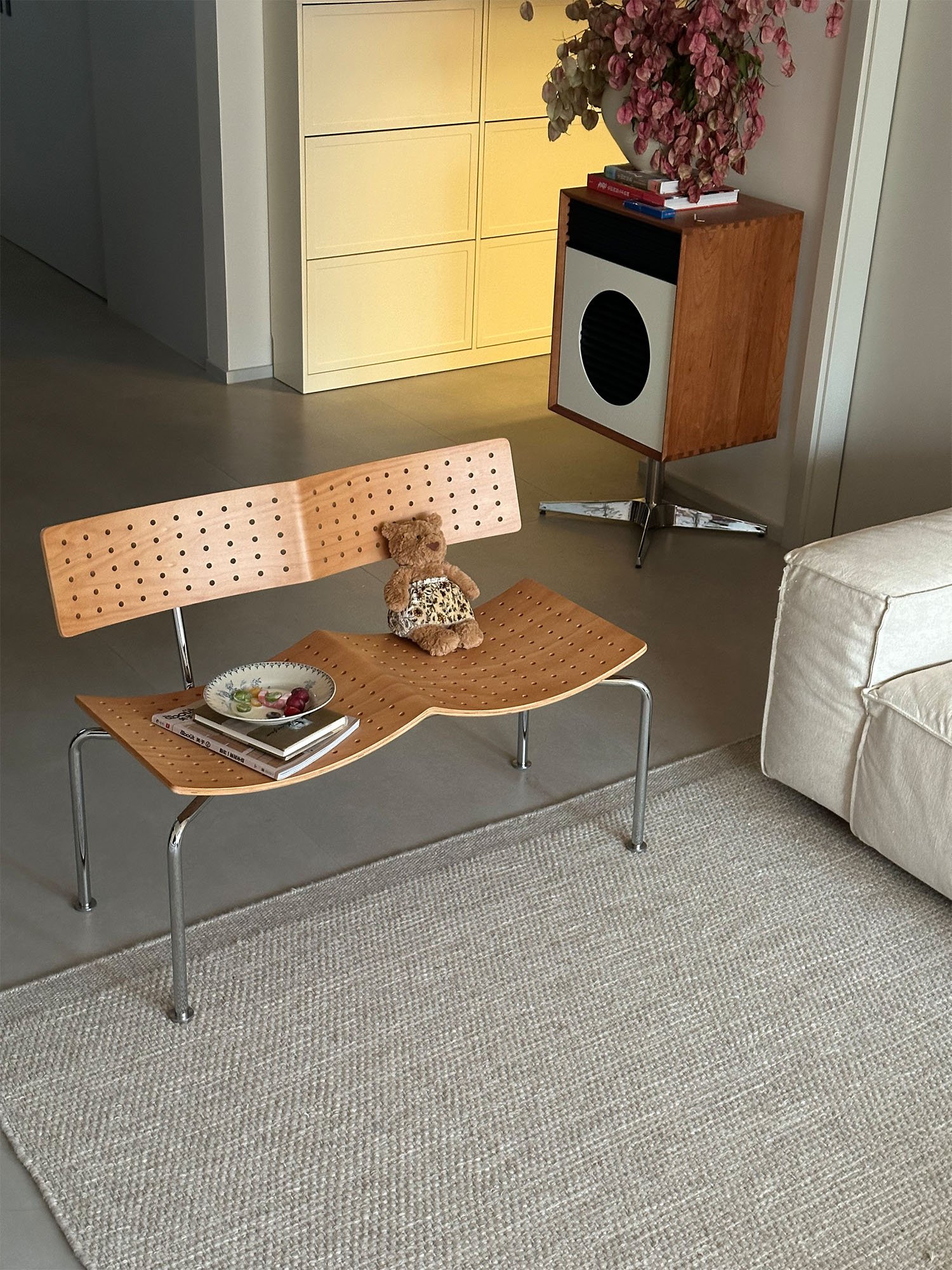 In homage to Magnus Olesen’s sofastole, a 1937 design, the designer ingeniously draws inspiration from the undulating shapes of ocean waves, integrating them into the form of the loveseat to share companionship in a fun and intimate manner. The soft curves bestow a unique sense of dynamic beauty upon the loveseat, while also giving it an appearance reminiscent of wings ready to take flight.
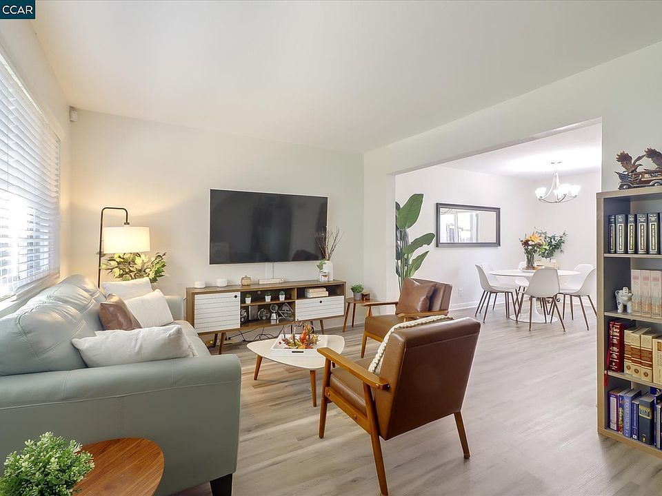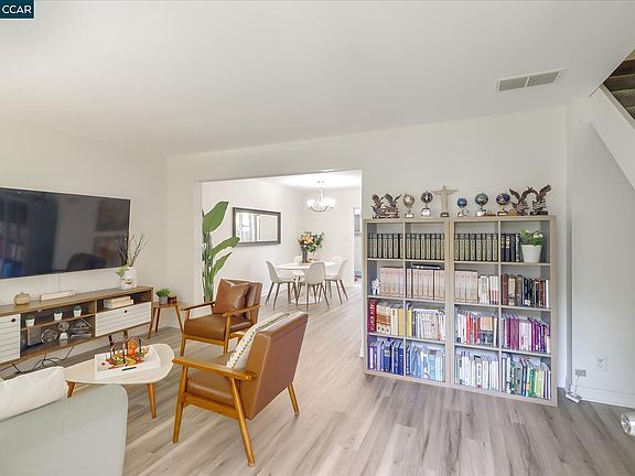 Gorgeous & turnkey! Come & see this spacious 2 BR, 1.5 BA townhome centrally located in San Lorenzo offering 1168 sqft. New laminate flooring & new interior paint w/ scraped ceilings run throughout the downstairs common area. The open concept kitchen/DR/LR offers a great flow for entertaining. The kitchen offers solid surface counters, SS appliances & new microwave & dishwasher. Interior laundry & updated half BA complete the downstairs. Upstairs gives way to the oversized BRs w/ abundant closet space. The primary BR features walk-in closet, office nook & access to full BA. Storage is no problem w/ storage shed & storage closet. Each unit offers 2 parking spaces, one of which is covered. Community pool & green space give this complex the feeling of tranquility. With a low monthly HOA, this is a home perfect for all ages & stages. Close proximity to BART & freeway access make this home central to everything & walking distance to Meek park adds a wonderful gift for families. Come & see all this home has to offer!
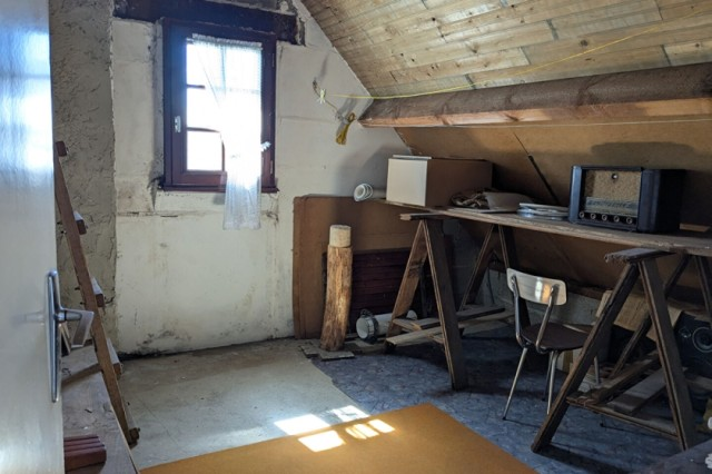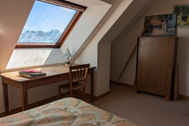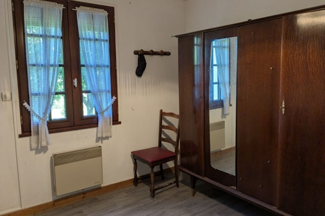 - on the ground floor: a bright living room with fireplace and wood-burning insert, a kitchen opening onto the garden, a bedroom and a toilet and sink.
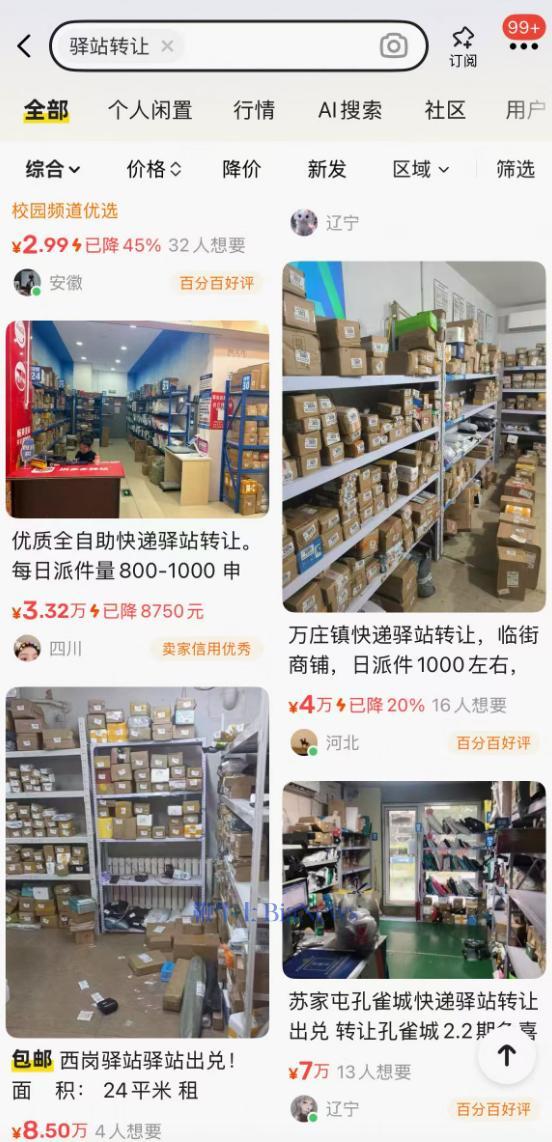 你再上闲鱼等平台搜搜,多的是驿站转让的帖子,附带的描述大多是“接手即盈利”“高派费”“驿站稳定,几乎无问题件”。。。
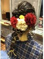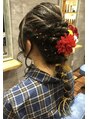 前からはすっきり見せたいとのご要望でしたので、後ろで可愛くふわ盛りしてローポニーに仕上げ毛先にはロープでまとめ、花飾りとその他の飾りを右後ろにまとめて左後ろは金箔を散らばせてお洒落に♪
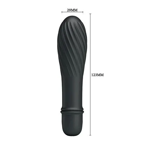 Этот стильный чёрный вибратор Solomon, длиной 12,3 см, изготовлен из высококачественного силикона. Он оснащён 10 режимами вибрации, позволяющими подобрать идеальную интенсивность. Бороздки на поверхности усиливают ощущения. Компактный размер и тип AAA батарейки обеспечивают удобство использования.
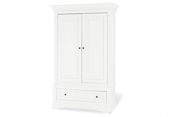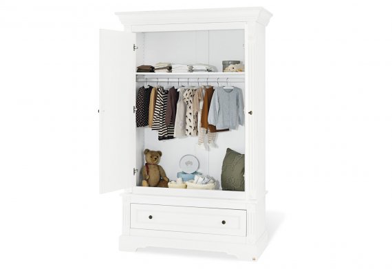 Garderoben Emilia är inte uppdelad. Garderoben har ett stort utrymme med justerbar hylla och klädstång. Längst ner finns en låda för både kläder och leksaker.
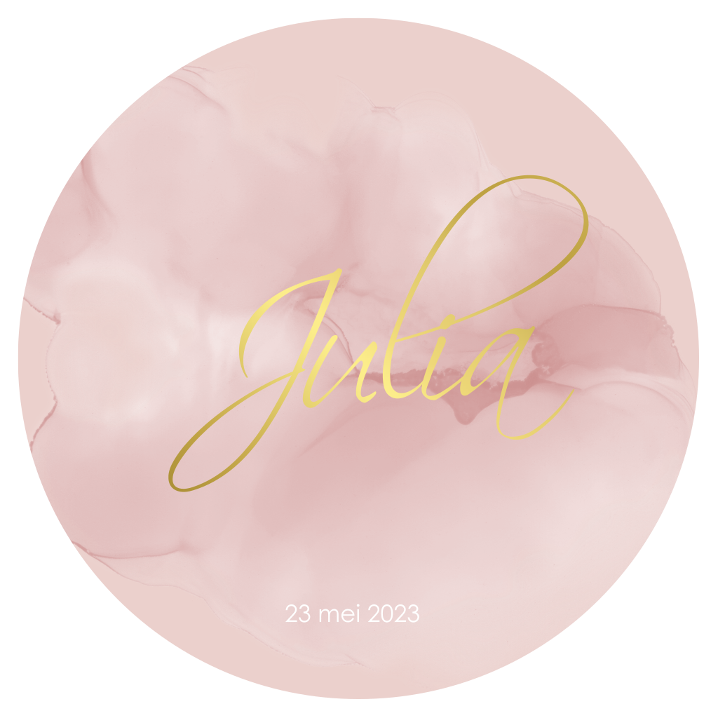 Rond geboortekaartje roze terra verf kleur met goudfolie. Pas eenvoudig de kleuren en achtergrond aan. (4192)

=====

Work to complete: Please transcribe exactly the lines from the one that contains "Garderoben Emilia är" through the closing line of the entries, with no pictures.

Exercise answer:
 Garderoben Emilia är inte uppdelad. Garderoben har ett stort utrymme med justerbar hylla och klädstång. Längst ner finns en låda för både kläder och leksaker.
 Rond geboortekaartje roze terra verf kleur met goudfolie. Pas eenvoudig de kleuren en achtergrond aan. (4192)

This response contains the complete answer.